RENGAT, Tugujatim.id — Pada Minggu (8/6/2022) siang, saya memasuki Jalan Lintas Timur Sumatera atau Jalintimsum tepatnya di wilayah Kecamatan Muara Papalik, Kabupaten Tanjung Jabung Barat (Tanjabbar), Provinsi Jambi. Di jalan yang agak menanjak itu ada empat pemuda berkaus hitam mendorong sebuah vespa butut yang dimodifikasi secara ekstrem.
Motor tersebut menyerupai mobil gerobak. Tampilannya sangat nyeleneh, sarat aksesoris dari barang bekas. Misalnya, botol minuman dan botol oli. Botol-botol itu ditata saling tersambung membentuk persegi panjang seperti bak truk.

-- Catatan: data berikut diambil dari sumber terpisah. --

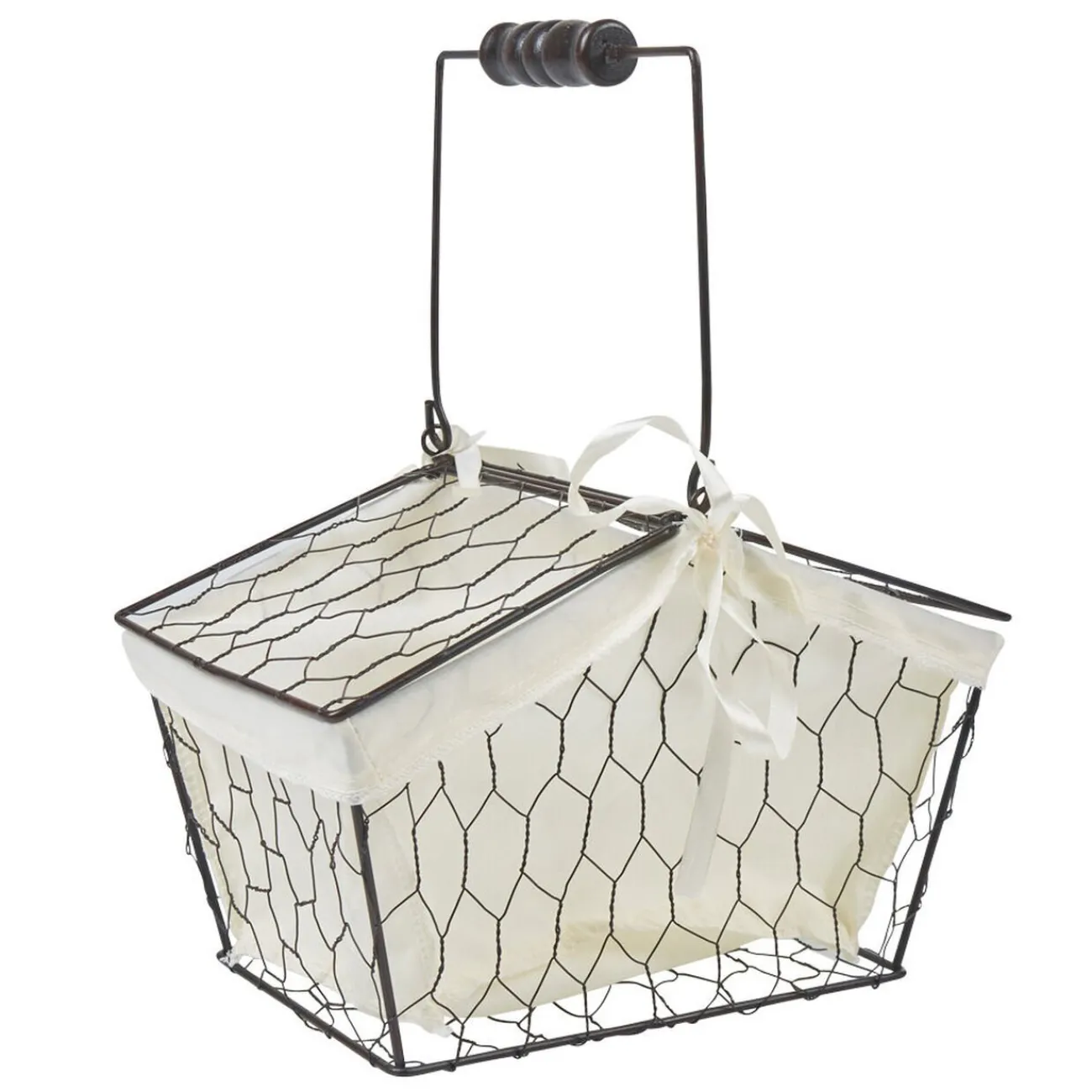 Panière en métal marron avec anse, tissu à l’intérieur, dim. 26x18x18 cm.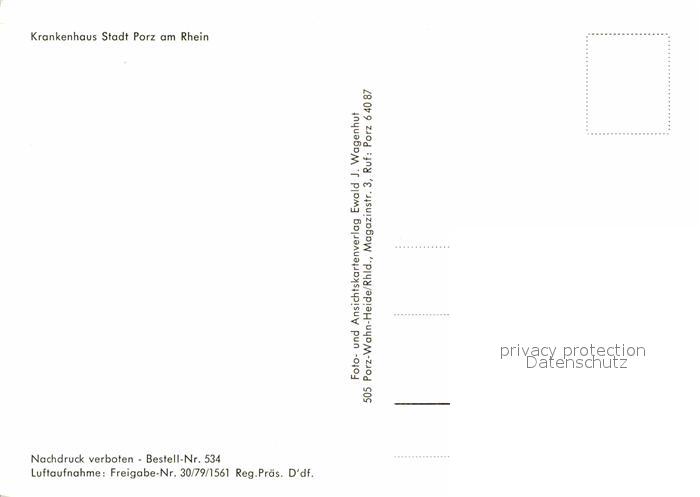 72781930 Porz Koeln Krankenhaus Fliegeraufnahme postalisch nicht gelaufen Erhaltung siehe scans [FriedD77] KatCode: 11110005315000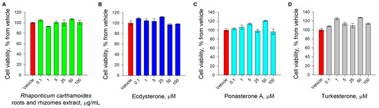 Cell viability was not affected upon RCE, 20E, PA, and TU treatment. Cell viability, expressed as the percentage of cell viability compared to the vehicle as the mean ± SEM upon treatment with (A) RCE, (B) 20E, (C) PA, and (D) TU.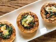 Печени пълнени гъби с три вида сирене (гауда, моцарела, пармезан), галета и спанак на фурна |
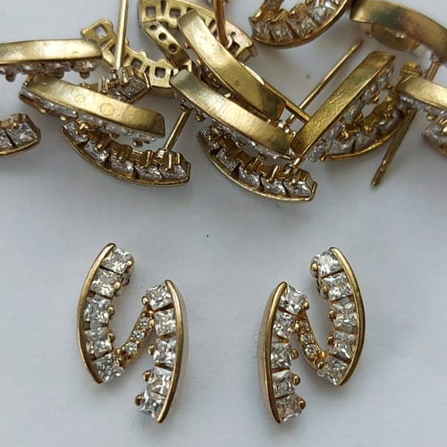 BRINCO NO BRUTO PRONTO PARA O BANHO - BRINCO DE PINO CRAVEJADO EM MICROS ZIRCÔNIAS 14MM - PESO: 1,7GR - COMPOSIÇÃO: LATÃO / ZIRCÔNIA - BRU15907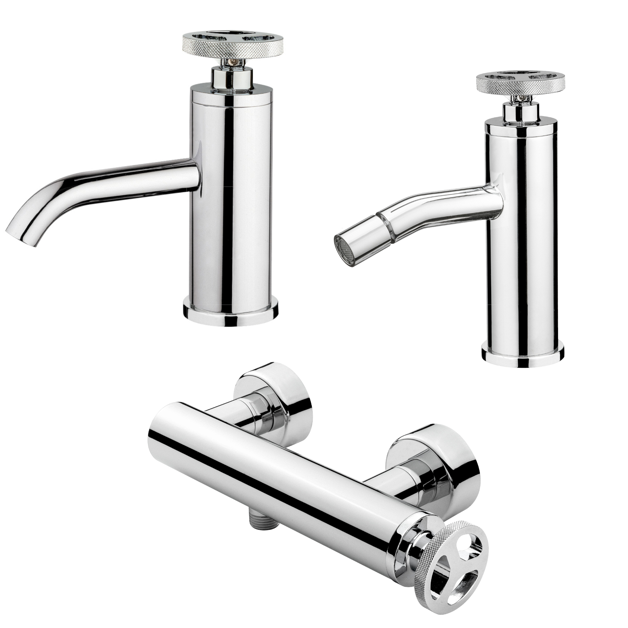 Set miscelatori bagno lavabo bidet ed esterno doccia mimi cromo scarico click clack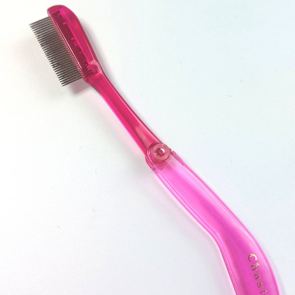 - スムーズにダマを取って、マスカラ後のまつげを1本1本無理なくセパレートできる金属製のマスカラコームです! 歯先をカバーする折りたたみ式なので、安全・コンパクトに携帯&保管ができる優れもの!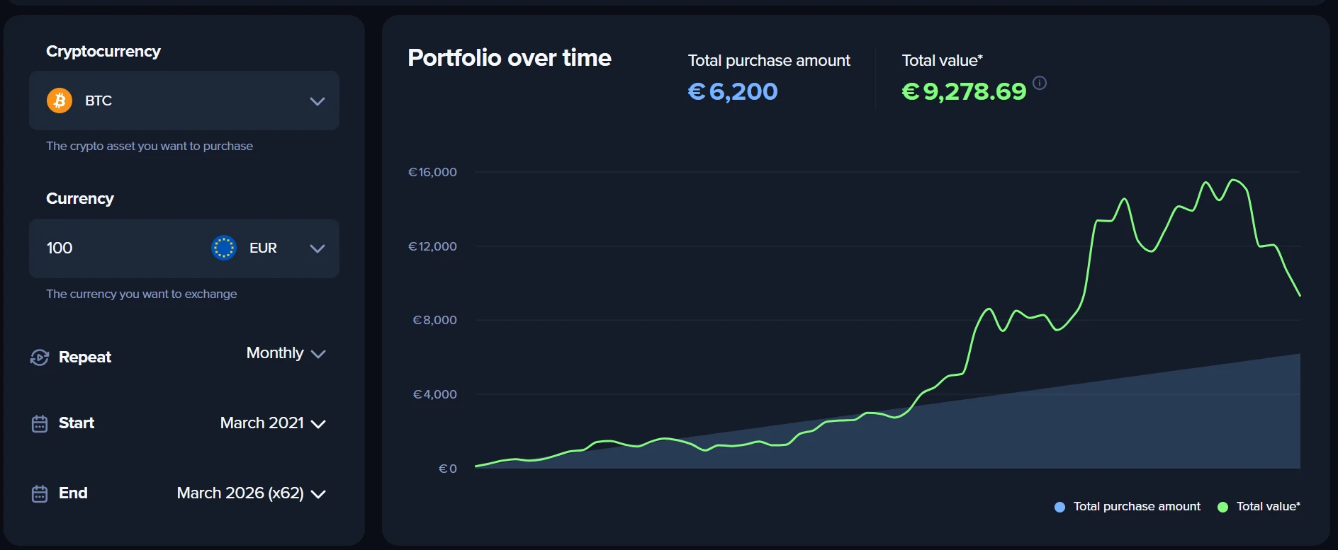 Bitcoin je pilier, ktorý definuje úspech v tomto segmente. Jeho dlhodobé investovanie by napríklad prinieslo za pravidelný vklad 100 € mesačne od roku 2016 zhodnotenie z celkového vkladu 12 200 € na úctyhodných 210 331 €. Tento príklad jasne ukazuje, ako čas a vytrvalosť pracujú v prospech investora.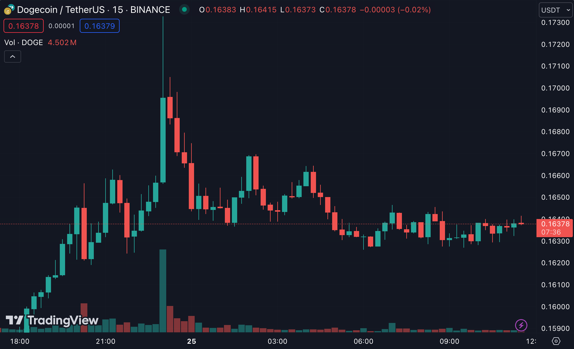 马斯克悼念狗狗币本尊 Kabosu 的推文发布的几分钟后, $ DOGE 价格一度飙涨近 5% 至最高 0.17328 美元,但随后就𫔭始下滑,撰稿当下报 0.16378 美元,近 24 小时上涨 2.4%,现排名市值第 9 大加密货币,并稳居迷因币市值王者。

Dalam perjalanan mudik ini, saya tak pernah menyangkan akan bertemu dengan komunitas vespa gembel atau rat bike ini. Komunitas ini biasanya populer dengan sebutan vespa ekstrem.
Dihitung dari tanggal saya berangkat dari Malang 30 April 2022, perjalanan kali merupakan perjalanan hari kesembilan. Sebelumnya saya rehat selama dua malam di Kota Jambi. Kini saya menuju Kota Rengat, Ibu Kota Kabupaten Indragiri Hilir, Provinsi Riau.
Karena sedang berpacu dengan waktu, saya tak sempat memotret kemunculan komunitas vespa ekstrem itu. Saya terus memacu sepeda motor dan beristirahat untuk makan siang di Rumah Makan Barokah Wong Solo, tepi Jalintimsum Kilometer 119, Desa Merlung, Kecamatan Merlung, Kabupaten Tanjabbar. Warung ini sedang dipenuhi pengunjung dan saya hampir tidak kebagian tempat duduk.
Saya melanjutkan perjalanan setelah setengah jam di sana sampai akhirnya bertemu lagi dengan dua kelompok vespa ekstrem di Jalintimsum Desa Kampung Baru, Kecamatan Batang Asam, Tanjabbar, persis di seberang Stasiun Pengisian Bahan Bakar Umum (SPBU) Batang Asam, sekitar 60 kilometer dari lokasi pertama saya berpapasan dengan kelompok vespa ekstrem di Muara Papalik. Mereka berhenti akibat salah satu mesin mobil gerobak ngadat dan sedang diperbaiki.
Seperti saya katakan di atas, saya memang tidak menyangka bisa bertemu rombongan vespa ekstrem. Jumlah anggota komunitas vespa ekstrem yang saya jumpai di Batang Asam sekitar 15 orang, lebih banyak dari pegiat vespa ekstrem yang saya lihat di Muara Papalik. Kesamaan mereka adalah sama-sama bertato, baik anggota remaja maupun anggota senior.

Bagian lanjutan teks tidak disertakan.